I am creating an Android application to interact with a webservice. Is it fine if I transmit the server side api credentials as plaintext that is used to authenticate a webservice?

The application has a search functionality and it uses username and password to generate an authentication token.

Accept: application/json
Content-Type: application/json
Content-Length: 53
Connection: close
User-Agent: okhttp/3.7.0

{"Username":"XXXXXXXXXXXXXX", "password": "XXXXXXXXX" }

1 Answer 1


Once you have established a connection over SSL/TLS, you can send secrets over that channel - that's the point of SSL/TLS.
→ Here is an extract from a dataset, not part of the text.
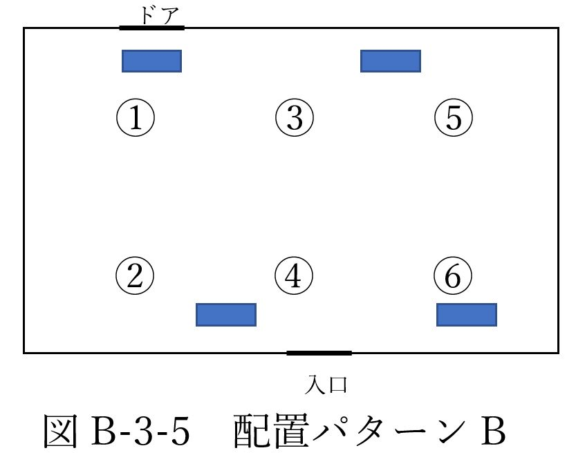 さらに、図A-2-2のように、送風機をジグザグに配置したときを仮定し、パターンBの体感温度のシミュレーションを行った。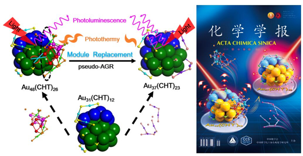 对于金属纳米粒子(团簇)进行组成结构的精确调控是富有挑战性的课题,特别对于涉及三个以上金属原子的局部结构替换(类似于工件中的“模块替换”),还没有报道。研究团队通过“赝反伽伐尼反应”成功实现对环己硫醇配体保护的Au48(SR)26团簇的“模块替换”,得到新团簇Au37(SR)23,两者具有相似的Au31(SR)12模块,但Au48(SR)26的另一块Au17(SR)14可看做被Au6(SR)11替换。进一步实验发现“模块替换”过程抑制了Au48团簇的光热效应,却增强了其荧光,暗示了这两种作用至少可以彼此部分转化。此工作对于调控金属纳米团簇的局部结构以及深入理解团簇光致发光和光热效应的相互作用具有重要意义,以封面论文的形式发表在Acta Chim. Sinica上。金凤鸣和董宏伟为共同第一作者。

It looks like you are using OAuth, with the "Resource Owner Password Credentials" flow. If you do this, there are a few things to consider.

There are several flows, and this particular flow expects the highest amount of trust from the end user. If possible, you should consider one of the other three flows.

It's better not ask the user to send their password to your own server, or to ask the user to enter their credentials in a screen belonging to your app.

The web service you use should provide a login screen to use for OAuth authorization. You should redirect the user to that login screen, and let the web service handle the login process. It should then provide you with the token needed to complete authorization.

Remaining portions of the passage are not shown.